"Die Löwen sind mir ans Herz gewachsen"

Nicolai Schwarzer hat am Samstag als letzter Gläubiger auf einen Teil seiner Forderungen verzichtet. Hier zieht der Immobilienunternehmer Bilanz. Für Präsident Dieter Schneider fällt sie nicht gut aus
AZ: Herr Schwarzer, am Samstag haben Sie als letzter Gläubiger dem Forderungsverzicht zugestimmt. Viel gebracht hat Ihnen Ihr Pokern aber nicht: Die Löwen haben auch Ihnen keine Zugeständnisse gemacht, Sie verlieren rund 500.000 Euro.
NICOLAI SCHWARZER: Ohne Zahlen kommentieren zu wollen, habe ich nicht mit 1860 gepokert. Ich habe schlicht lange nicht an die Tragfähigkeit des Finanzierungskonzepts geglaubt und habe nicht das Gefühll gehabt, dass die Verantwortlichen bei 1860 immer wussten, worüber sie eigentlich reden.
Wie meinen Sie das?
Schon vor einigen Wochen stimmte das, was der Verein öffentlich über die witschaftliche Situation und über die Planung für die nächste Saison berichtete, nicht ganz mit meinem Eindruck überein, den ich mir auf der Basis des Zahlenwerks machen konnte. Oder ganz einfach gesagt: ich hatte ein ziemlich flaues Gefühl im Magen. Das offensichtlich durch Planungsfehler bedingte Finanzierungsloch, das sich dann vor wenigen Tagn plötzlich auftat, hat mein ungutes Gefühl bestätigt.
Präsident Dieter Schneider soll dies erst vor zehn Tagen aufgefallen sein. Ist das möglich?
Ich begleite den Verein ja schon etwas länger als Schneider. Vielleicht stecke ich teilweise noch tiefer in der Materie als er...
Wieso haben Sie jetzt doch zugestimmt?
Ismaik (der neue Investor, d. Red) soll ja die Finanzierungslücke übernommen haben. Und Schneider hat mir persönlich versichert, dass das Finanzierungskonzept tragfähig ist. Ich kann nur hoffen, dass das stimmt. Außerdem habe ich von Anfang an gesagt, dass ich nicht der Totengräber von 1860 sein werde. Ganz viele Menschen verstehen den TSV 1860 als ihren bestimmenden Lebensinhalt. Diese Fans haben es verdient, dass ihr Klub weiter existiert. Die Löwen sind mir ans Herz gewachsen.

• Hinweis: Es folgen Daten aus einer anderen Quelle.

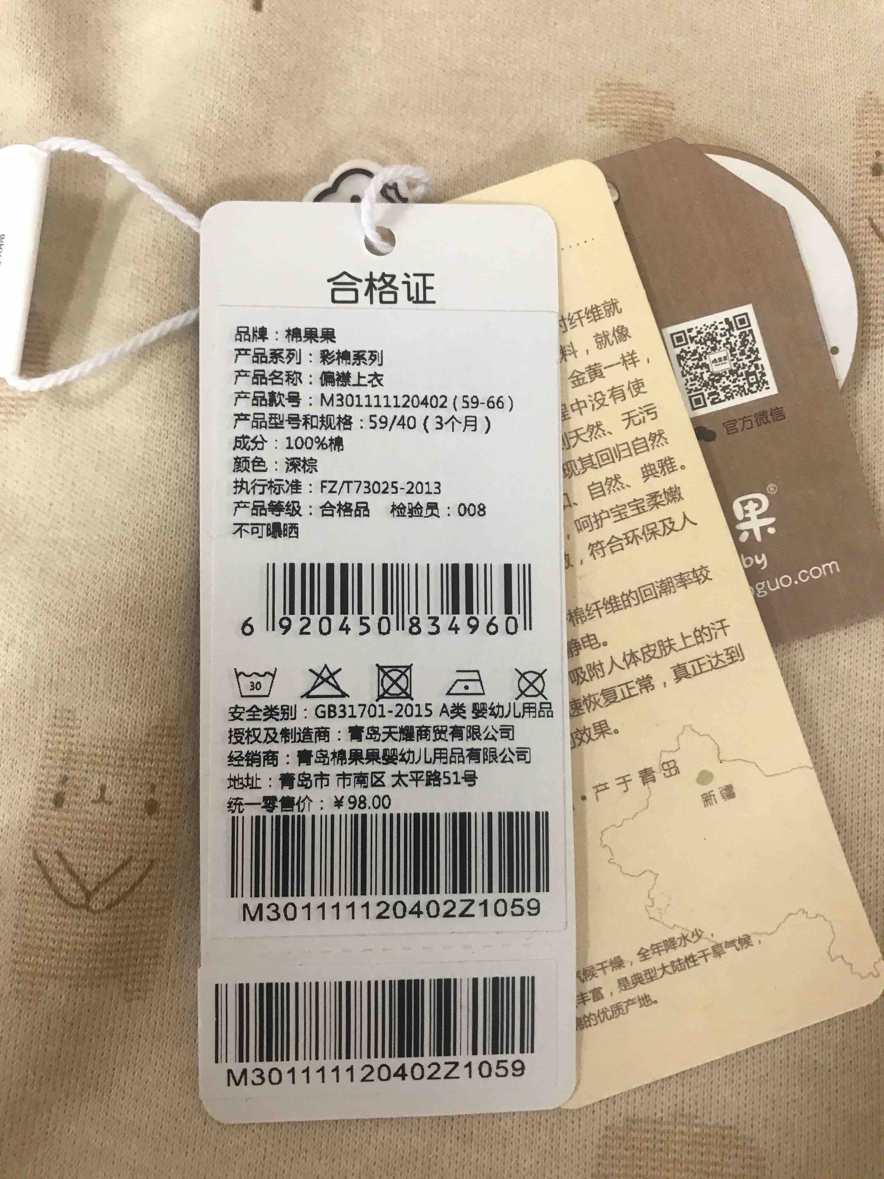 棉果果秋季新疆彩棉纯棉偏襟上衣M301111120402

Herr Schwarzer, mit Verlaub: Sie sind Geschäftsmann, Sie wollten mit 1860 doch Geld verdienen!
Ich kann da keinen Widerspruch erkennen. Meinen Sie, dass Hasan Ismaik ein reiner Wohltäter ist? Er bekommt bei 1860 so viel Einfluss wie kein Investor in Deutschland vor ihm. Und jedenfalls viel mehr, als ich jemals haben wollte.
Im Januar 2009 wollten Sie für rund fünf Millionen Euro schrittweise rund 25 Prozent der Stimmenanteile erwerben. Ismaik bekommt für 18 Millionen die Hälfte und macht den Klub schuldenfrei.
Das ist richtig. Damals ging es den Löwen aber noch nicht so schlecht wie heute. Außerdem hätte ich nur Anteile übernommen, wenn die Löwen mir die Darlehen nicht hätten zurückzahlen können. Wahrscheinlich war 1860 damals aber noch nicht bereit für einen Investor.
Und jetzt?
Jetzt hat wohl auch der letzte Funktionär verstanden, dass die Zeit der Intrigen vorbei ist. Ich habe mein Investment damals ja nicht zurückgezogen wegen der Bedenken der DFL, sondern weil die Unterstützung gefehlt hat. Die Bedenken gab es jetzt auch und man hat eine Lösung gefunden. Ein bisschen von der Unterstützung, die Ismaik jetzt bekommt, hätte ich mir auch gewünscht. Trotzdem kann ich behaupten, dem Klub durch meine Darlehen drei Mal das Überleben gesichert zu haben – aller Widrigkeiten zum Trotz.
Wovon sprechen Sie?
Die Löwen haben tolle Fans, die den Klub bedingungslos lieben. Diese Liebe kann aber auch umschlagen. Ich habe zuletzt, neben sehr vielen positiven Zuschriften, auch drohende Briefe bekommen. Ich kann solche Gefühle bis zu einem gewissen Teil verstehen, hätte mir aber etwas mehr Unterstützung von Schneider gewünscht.